▶ **AIM OF THE TASK**: Exact reproduction, images excluded: write out the records below.

###

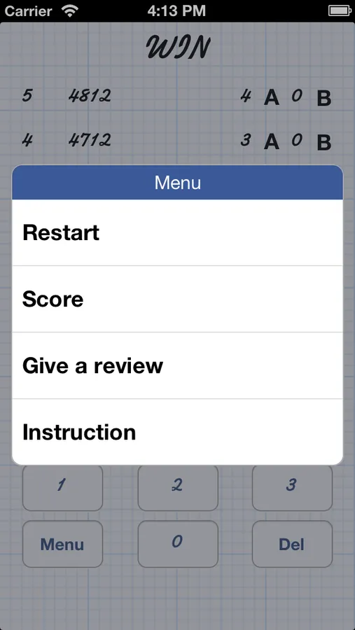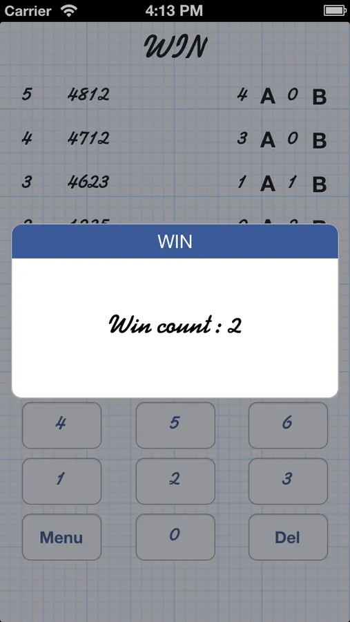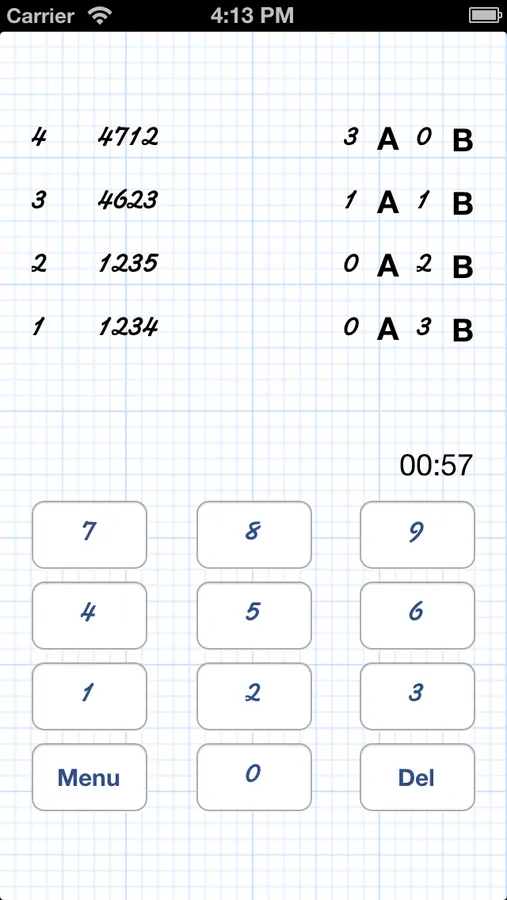 Numbers (Bulls and Cows) is a roughly in the middle of twentieth Century appeared in England puzzle game. Rules of the game is simple, but it tests rigorous and patience. At a game begins, the automatic generation of a four digit number will be generated, and the four digit number is not the same. When you guess a number, will get a (n)A(m)B, including A in front of the number indicates the number of the correct position number, and B before the number indicates the number of correct and incorrect number of locations and the number of. If the correct answer is 5234, and if your input is 5346, is 1A2B, the '5' position is correct, denoted as 1A, while '5234' contains '3' and '4', but the two number are not on the correct position, therefore, denoted as 2B, it's 1A2B. Then according to the records of several A B continue to guess, until the guess (4A0B).
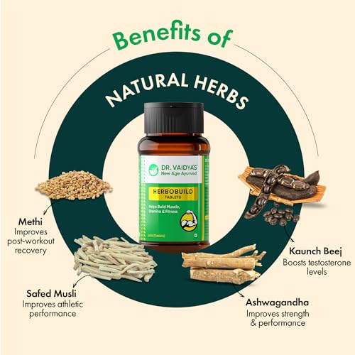 • REDUCES STRESS ANXIETY & FATIGUE: The ayurvedic ingredients present help reduce stress hormone -cortisol and prevent muscle depletion and body fatigue. Dr. Vaidya's Herbobuild capsules also reduce the mental and physical stress of intense workouts fatigue
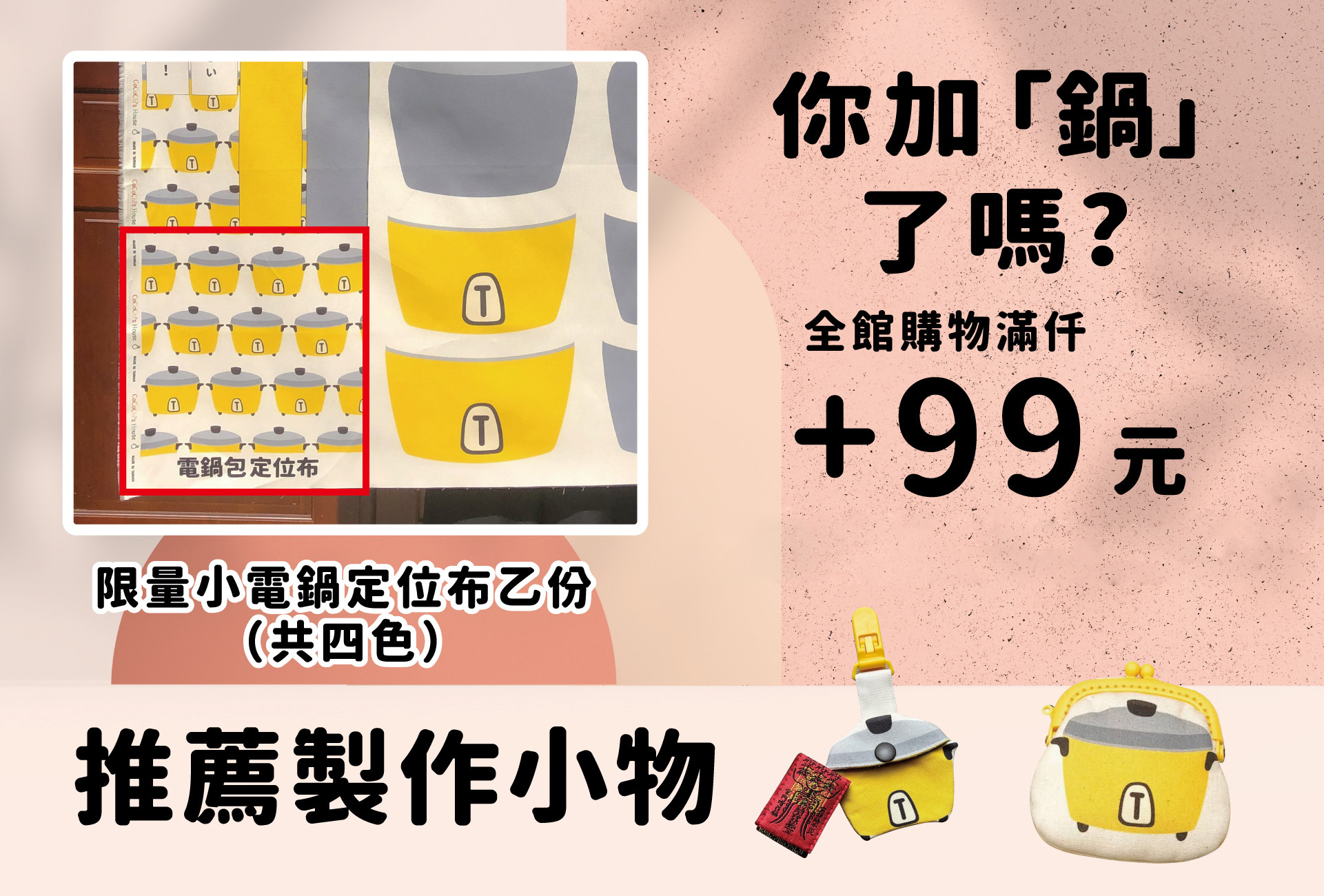 Tip1~滿$1,000元享$99元加購鍋邊料乙份(共四色)
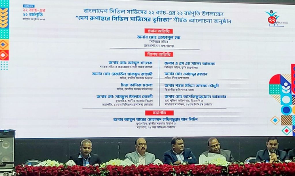 বাংলাদেশ সিভিল সার্ভিসের ২২ ব্যাচের ২২ বছর পূর্তি উদযাপন উপলক্ষে ’দেশ রূপান্তরে সিভিল সার্ভিসের ভূমিকা’ শীর্ষক আলোচনা সভা অনুষ্ঠিত হয়।
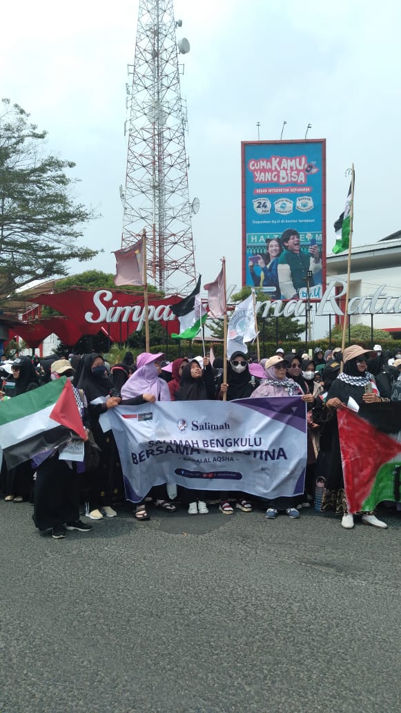 Bengkulu (15/10) – Pengurus PW Salimah Bengkulu hadir bersama ratusan massa aksi yang berasal dari berbagai ormas Islam dan masyarakat umum Kota Bengkulu yang diberi nama BADAI (Bengkulu Aksi Damai) Untuk Al Aqsha. Aksi tersebut sebagai bentuk dukungan untuk bangsa Palestina yang saat ini sedang bertempur menghadapi penjajah Zionis Israel.

###

▶ **RESPONSE FOR THIS EXERCISE**:
 Numbers (Bulls and Cows) is a roughly in the middle of twentieth Century appeared in England puzzle game. Rules of the game is simple, but it tests rigorous and patience. At a game begins, the automatic generation of a four digit number will be generated, and the four digit number is not the same. When you guess a number, will get a (n)A(m)B, including A in front of the number indicates the number of the correct position number, and B before the number indicates the number of correct and incorrect number of locations and the number of. If the correct answer is 5234, and if your input is 5346, is 1A2B, the '5' position is correct, denoted as 1A, while '5234' contains '3' and '4', but the two number are not on the correct position, therefore, denoted as 2B, it's 1A2B. Then according to the records of several A B continue to guess, until the guess (4A0B).
 • REDUCES STRESS ANXIETY & FATIGUE: The ayurvedic ingredients present help reduce stress hormone -cortisol and prevent muscle depletion and body fatigue. Dr. Vaidya's Herbobuild capsules also reduce the mental and physical stress of intense workouts fatigue
 Tip1~滿$1,000元享$99元加購鍋邊料乙份(共四色)
 বাংলাদেশ সিভিল সার্ভিসের ২২ ব্যাচের ২২ বছর পূর্তি উদযাপন উপলক্ষে ’দেশ রূপান্তরে সিভিল সার্ভিসের ভূমিকা’ শীর্ষক আলোচনা সভা অনুষ্ঠিত হয়।
 Bengkulu (15/10) – Pengurus PW Salimah Bengkulu hadir bersama ratusan massa aksi yang berasal dari berbagai ormas Islam dan masyarakat umum Kota Bengkulu yang diberi nama BADAI (Bengkulu Aksi Damai) Untuk Al Aqsha. Aksi tersebut sebagai bentuk dukungan untuk bangsa Palestina yang saat ini sedang bertempur menghadapi penjajah Zionis Israel.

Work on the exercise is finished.